Часто концептуализм отождествляется только с литературно-художественной деятельностью, что неверно по двум причинам. Во-первых, концептуальные стратегии проявляются и в других дисциплинарных областях, включая философию, культурологию, литературоведение, искусствознание, критику и эссеистику. Во-вторых, сама литературно-художественная деятельность в концептуализме предстает как одно из приложений более общих методологий и рефлексий, в основе своей философических, отвечающих тому определению философии, которое дают Жиль Делез и Феликс Гваттари: "...Философия - дисциплина, состоящая в творчестве концептов." [1]

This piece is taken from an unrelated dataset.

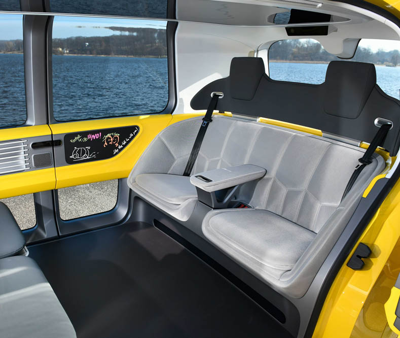 Este es un prototipo que está basado en el Sedric Concept que conocimos justamente hace un año, su nombre proviene de “Self Driving Car” solamente que ahora lo imaginaron como un autobús escolar.

К концу 20-го века все больше импульсов к сближению философии с конкретными вещами и словами исходит от искусства, которое само "концептуализируется" и именно на почве концептуализма сближается с философией, в свою очередь, заряжая ее энергией возможного и воображаемого. По словам американского художника Джозефа Кошута, чьи работы середины-конца 1960-х годов заложили основу изобразительного концептуализма, "двадцатый век принес с собой то, что можно назвать концом философии и началом искусства. ... Само искусство - это философия, ставшая конкретной". [2] Художник-мыслитель Илья Кабаков, один из основателей российского концептуализма, ставит в центр своих философических дискурсов такие конкретные понятия, как "муха" и "мусор". Его трактат-инсталляция "Муха с крыльями", по словам автора, "почти визуально демонстрирует природу любого философского дискурса - в основе его может лежать простой, незамысловатый и даже вздорный предмет - каковым может стать обыкновенная муха..." [3] При этом вокруг "мухи", как философского основания всех оснований, играющего ту же роль, что "идея" у Гегеля или "материя" у Маркса, воссоздается целая система соотносительных и производных категорий - политических, экономических, эстетических...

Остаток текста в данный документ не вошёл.